The U.S. headline annual inflation rate came in slightly below expectations, increasing the already high probability that the U.S. Federal Reserve will pause in June.
The month-on-month change in the headline and the core rate were in line with forecasts.
“Since there was no element of surprise, U.S. inflation did not produce any appreciable volatility,” Anindya Banerjee, head research – FX and interest rates at Kotak Securities, said.
He pointed out that rupee and majority of the important currency pairs are constrained by a range. The USD/INR is range-bound between 81.60 and 82.10 levels while the dollar index is oscillating between 100.70 and 102.70.
“You have to wonder what will be the trigger to change this. Fed pause is now fully priced in, so that can’t be it,” a spot dealer said.
“Unless we see a sizeable risk off on U.S. growth worries, you have to keep playing the current range.”
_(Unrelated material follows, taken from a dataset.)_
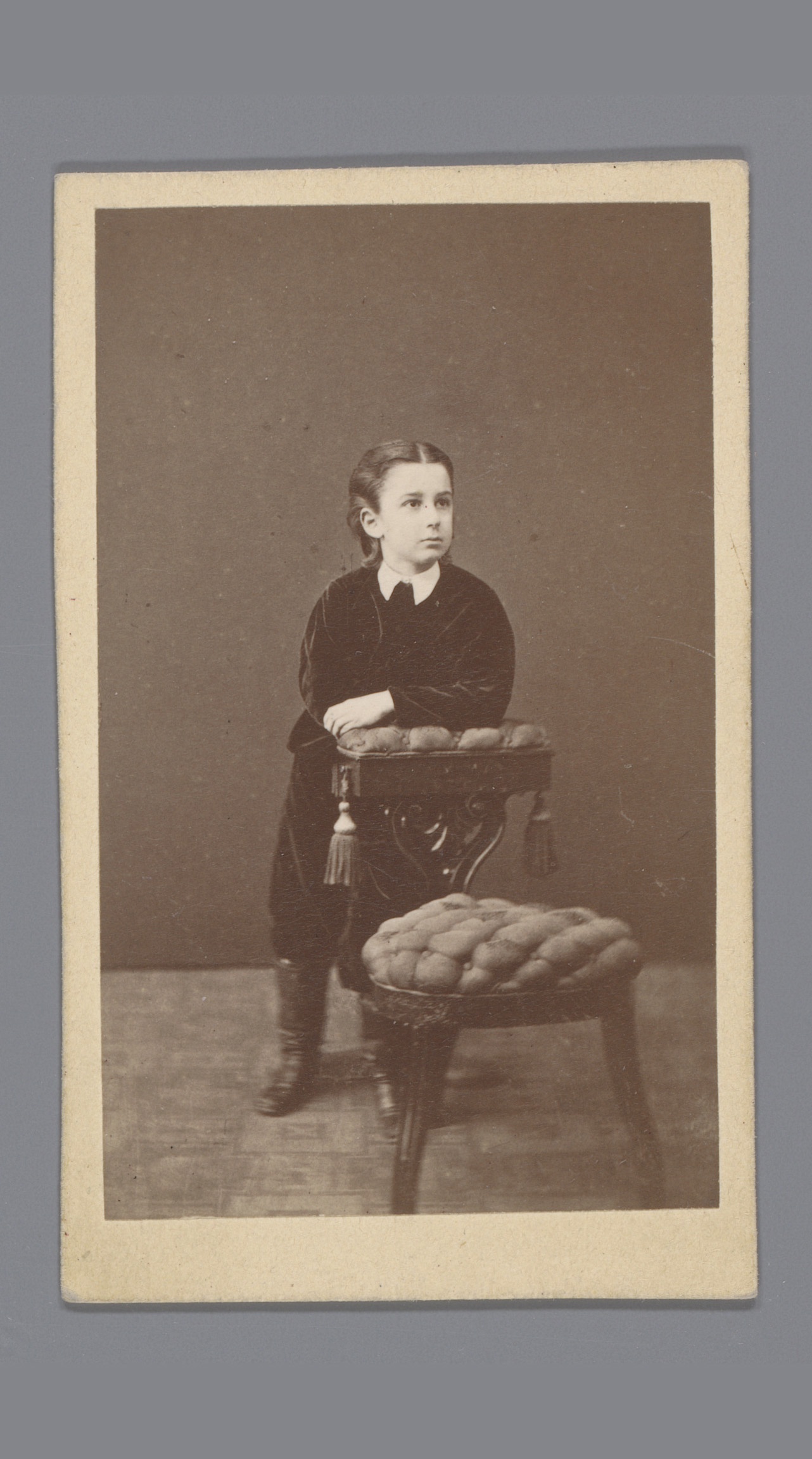 Portret van een onbekende jongen, leunend over een s...

Following the U.S. inflation data, investors are pricing in an over-90% chance that the Fed will not hike rates at the June meeting. The question is when the U.S. central bank will pivot and deliver rate cuts.
Futures indicate a rate cut in September.
That may be a little early, but November and December are looking “decent bets” for the Fed moving policy to a more neutral setting, ING Bank said in a note.
Rupee forward premiums rose, tracking the overnight fall in U.S. yields. The 1-year implied was up 4 bps at 2.17%.